**RECORDS**
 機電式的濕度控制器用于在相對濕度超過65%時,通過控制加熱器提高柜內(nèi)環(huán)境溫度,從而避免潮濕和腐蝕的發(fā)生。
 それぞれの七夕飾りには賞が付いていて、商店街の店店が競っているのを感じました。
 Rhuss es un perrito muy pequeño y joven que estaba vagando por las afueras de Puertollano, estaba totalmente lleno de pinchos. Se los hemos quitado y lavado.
...
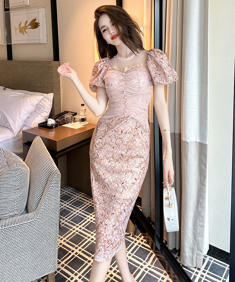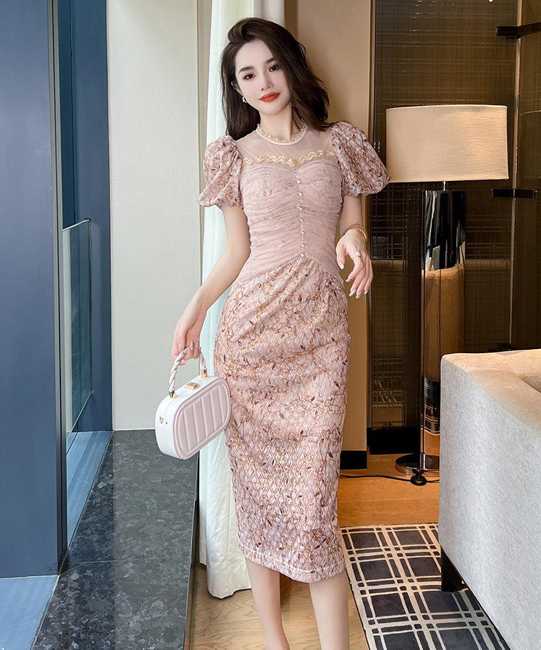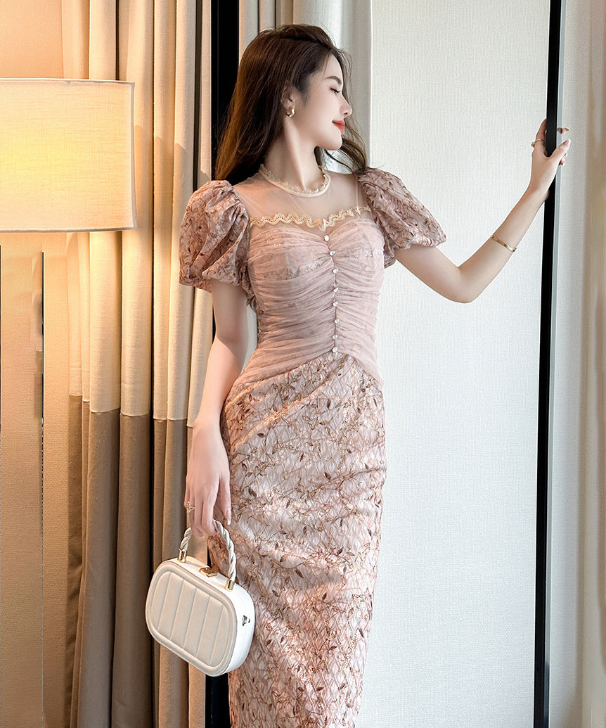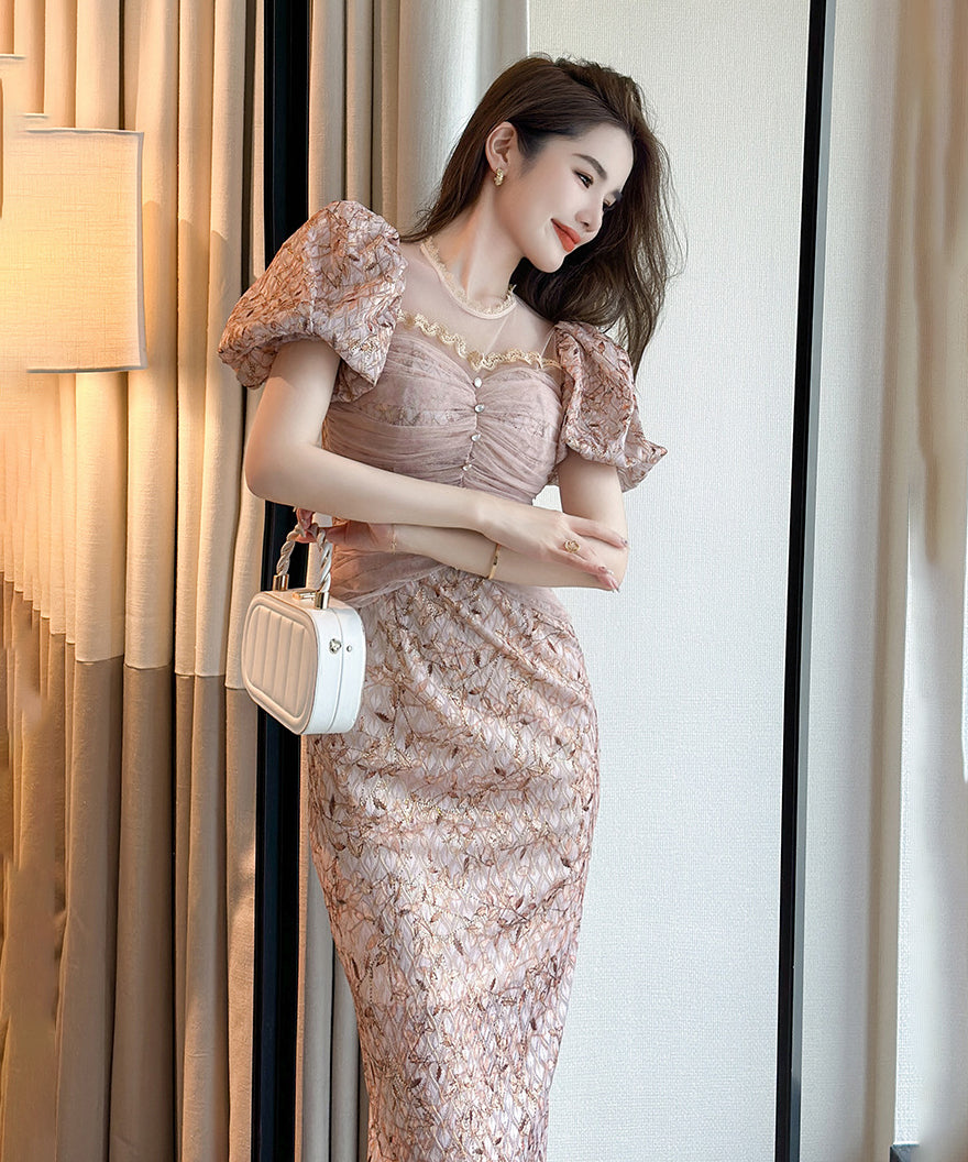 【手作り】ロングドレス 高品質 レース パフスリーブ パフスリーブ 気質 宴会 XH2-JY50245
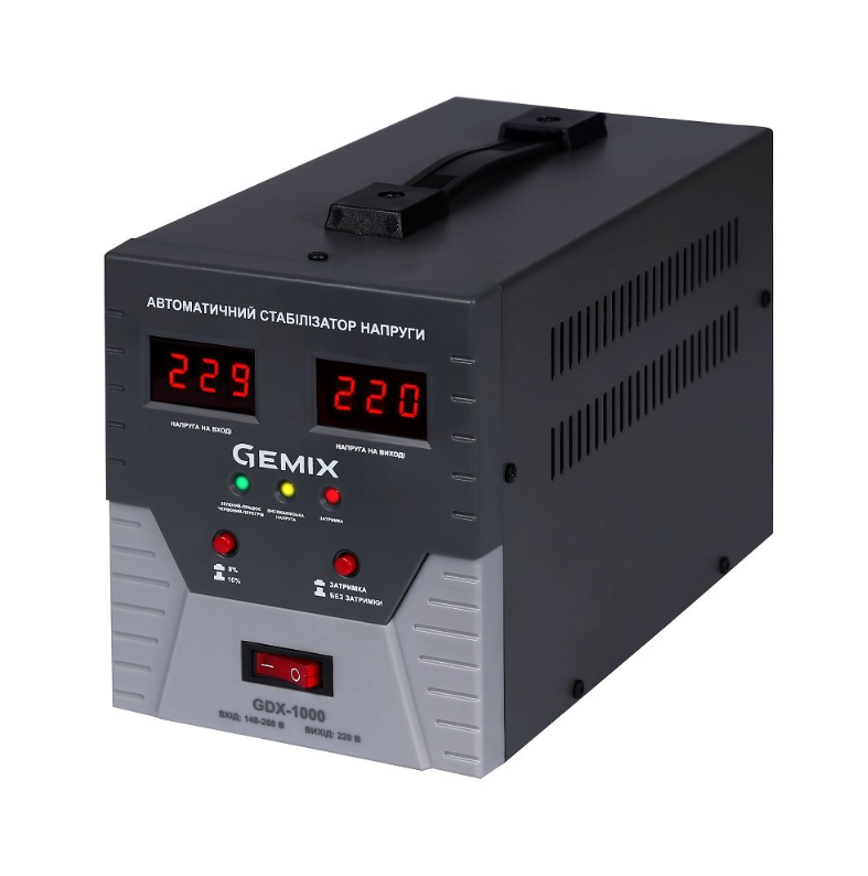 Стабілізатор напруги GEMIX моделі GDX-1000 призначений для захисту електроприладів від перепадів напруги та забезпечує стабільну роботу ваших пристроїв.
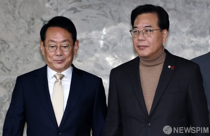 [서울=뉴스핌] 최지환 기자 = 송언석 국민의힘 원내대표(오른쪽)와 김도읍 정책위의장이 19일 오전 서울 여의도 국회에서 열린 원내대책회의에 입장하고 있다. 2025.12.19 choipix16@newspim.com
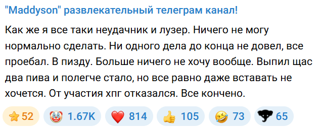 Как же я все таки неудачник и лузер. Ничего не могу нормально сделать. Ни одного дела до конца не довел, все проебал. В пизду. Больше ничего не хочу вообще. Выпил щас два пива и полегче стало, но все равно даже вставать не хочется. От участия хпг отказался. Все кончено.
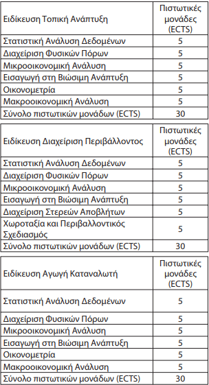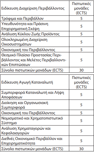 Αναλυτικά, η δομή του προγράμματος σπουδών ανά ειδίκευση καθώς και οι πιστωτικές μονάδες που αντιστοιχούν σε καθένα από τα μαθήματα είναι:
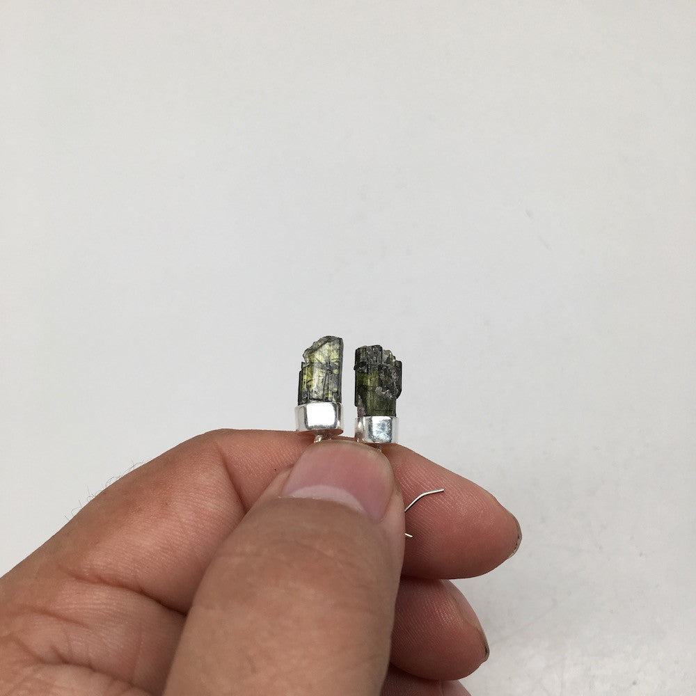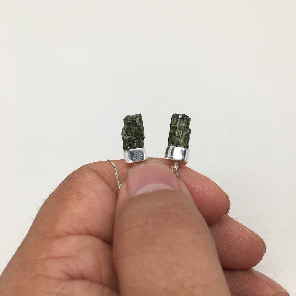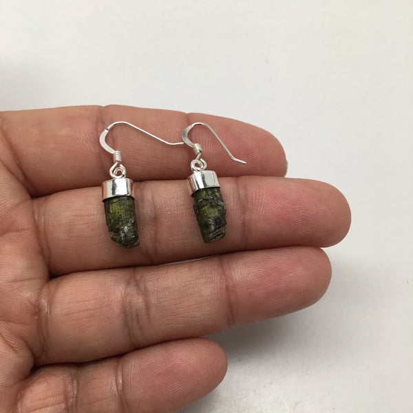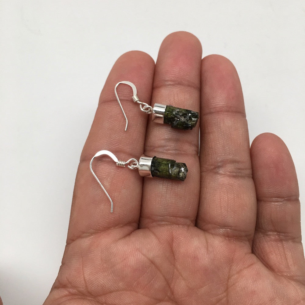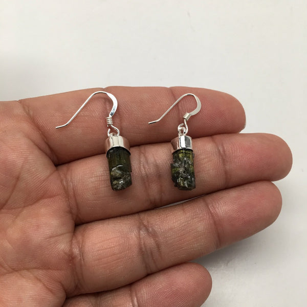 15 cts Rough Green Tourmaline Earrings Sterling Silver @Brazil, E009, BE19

**THE PROBLEM**
Start with the line above containing "Стабілізатор напруги GEMIX" and end with the line containing "[서울=뉴스핌] 최지환 기자". Set down that stretch exactly, without any pictures.

**WRITTEN REPLY**
 Стабілізатор напруги GEMIX моделі GDX-1000 призначений для захисту електроприладів від перепадів напруги та забезпечує стабільну роботу ваших пристроїв.
 [서울=뉴스핌] 최지환 기자 = 송언석 국민의힘 원내대표(오른쪽)와 김도읍 정책위의장이 19일 오전 서울 여의도 국회에서 열린 원내대책회의에 입장하고 있다. 2025.12.19 choipix16@newspim.com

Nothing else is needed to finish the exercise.